### Source material
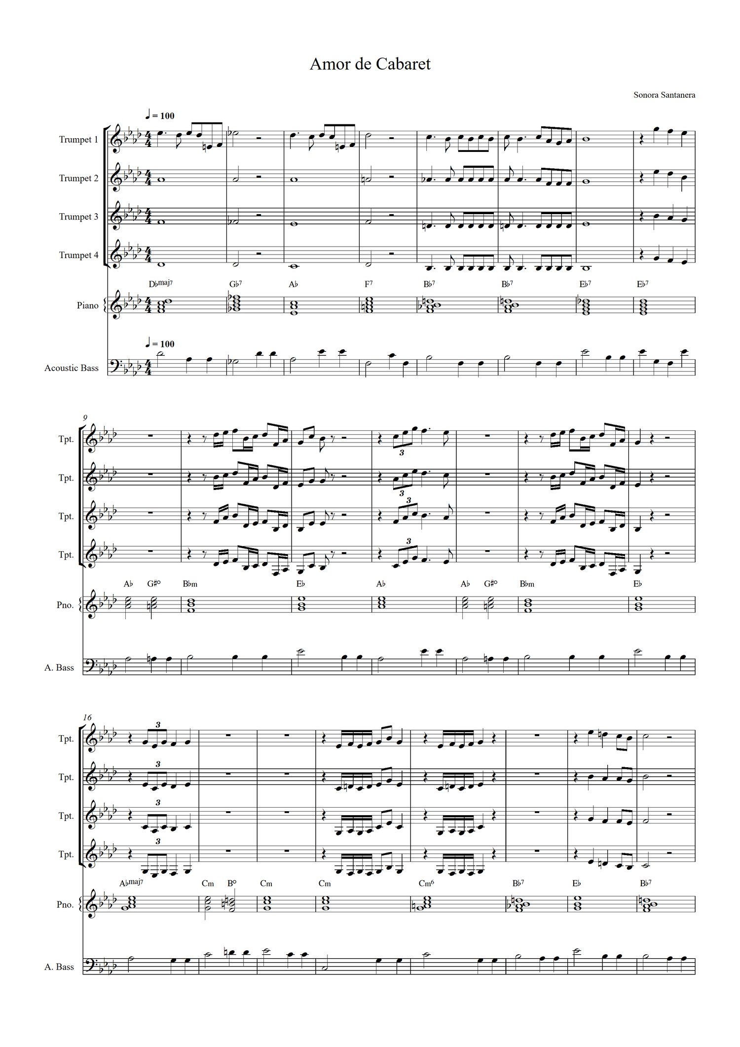 Partitura de la canción (Amor de Cabaret - Sonora Santanera) Para Trompeta 1, 2, 3, 4, Piano y Bajo (Acústico)
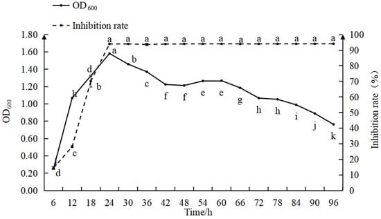 During the 0–12 h period, the bacterial count increased rapidly and the nutrients in the culture medium were primarily used for the increase in bacterial numbers, resulting in the low production of antimicrobial substances and, consequently, a low inhibition rate (p < 0.05). From 12 to 24 h, as as bacterial growth slowed, nutrients were increasingly directed toward the synthesis of antimicrobial substances, leading to a rapid increase in the inhibition rate. When the bacterial count reached its peak, the production of antimicrobial substances accelerated, bringing the inhibition rate close to 100%. During the 24–96 h period, though the bacterial count gradually decreased, the culture medium still contained a high concentration of antimicrobial substances, allowing the inhibition rate to remain at its maximum of 100%. These observations suggest that prior to peak bacterial density, the antimicrobial effect is influenced by both the number of antagonistic bacteria and the concentration of antimicrobial substances; after the bacterial population peaks, the antimicrobial effect is primarily dependent on the concentration of antimicrobial substances.
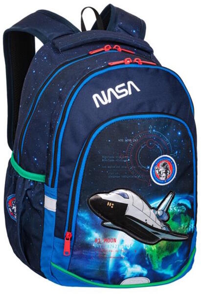 A vagány űrhajós mintával díszített Coolpack - Colorino Primer ergonomikus iskolatáska, hátizsák - 2 rekeszes - NASA a kisiskolás korosztály ruhatárának div atos kiegészítője. A hátizsák 2 különböző méretű, cipzáras rekesszel, és egy első cipzáras zsebbel rendelkezik . Két nagy rekeszében könnyedén elfér az A4 -es formátum, ami az iskolai tankönyvek hagyományos
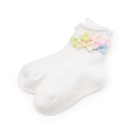 メゾピアノで大人気の継続アイテムである、リボンいっぱいのクルーソックスです。華やかなサテンオーガンジーリボンをそれぞれ絶妙なカラーリングで配色しました。発表会やパーティーなど、さまざまなシーンで大活躍するデザインです。足裏にすべり止めプリントがついています。【リンク】お揃い品番:6061433

### Work item
Would it be possible to give the material above again exactly, with the pictures left out?

### Answer to the exercise
 Partitura de la canción (Amor de Cabaret - Sonora Santanera) Para Trompeta 1, 2, 3, 4, Piano y Bajo (Acústico)
 During the 0–12 h period, the bacterial count increased rapidly and the nutrients in the culture medium were primarily used for the increase in bacterial numbers, resulting in the low production of antimicrobial substances and, consequently, a low inhibition rate (p < 0.05). From 12 to 24 h, as as bacterial growth slowed, nutrients were increasingly directed toward the synthesis of antimicrobial substances, leading to a rapid increase in the inhibition rate. When the bacterial count reached its peak, the production of antimicrobial substances accelerated, bringing the inhibition rate close to 100%. During the 24–96 h period, though the bacterial count gradually decreased, the culture medium still contained a high concentration of antimicrobial substances, allowing the inhibition rate to remain at its maximum of 100%. These observations suggest that prior to peak bacterial density, the antimicrobial effect is influenced by both the number of antagonistic bacteria and the concentration of antimicrobial substances; after the bacterial population peaks, the antimicrobial effect is primarily dependent on the concentration of antimicrobial substances.
 A vagány űrhajós mintával díszített Coolpack - Colorino Primer ergonomikus iskolatáska, hátizsák - 2 rekeszes - NASA a kisiskolás korosztály ruhatárának div atos kiegészítője. A hátizsák 2 különböző méretű, cipzáras rekesszel, és egy első cipzáras zsebbel rendelkezik . Két nagy rekeszében könnyedén elfér az A4 -es formátum, ami az iskolai tankönyvek hagyományos
 メゾピアノで大人気の継続アイテムである、リボンいっぱいのクルーソックスです。華やかなサテンオーガンジーリボンをそれぞれ絶妙なカラーリングで配色しました。発表会やパーティーなど、さまざまなシーンで大活躍するデザインです。足裏にすべり止めプリントがついています。【リンク】お揃い品番:6061433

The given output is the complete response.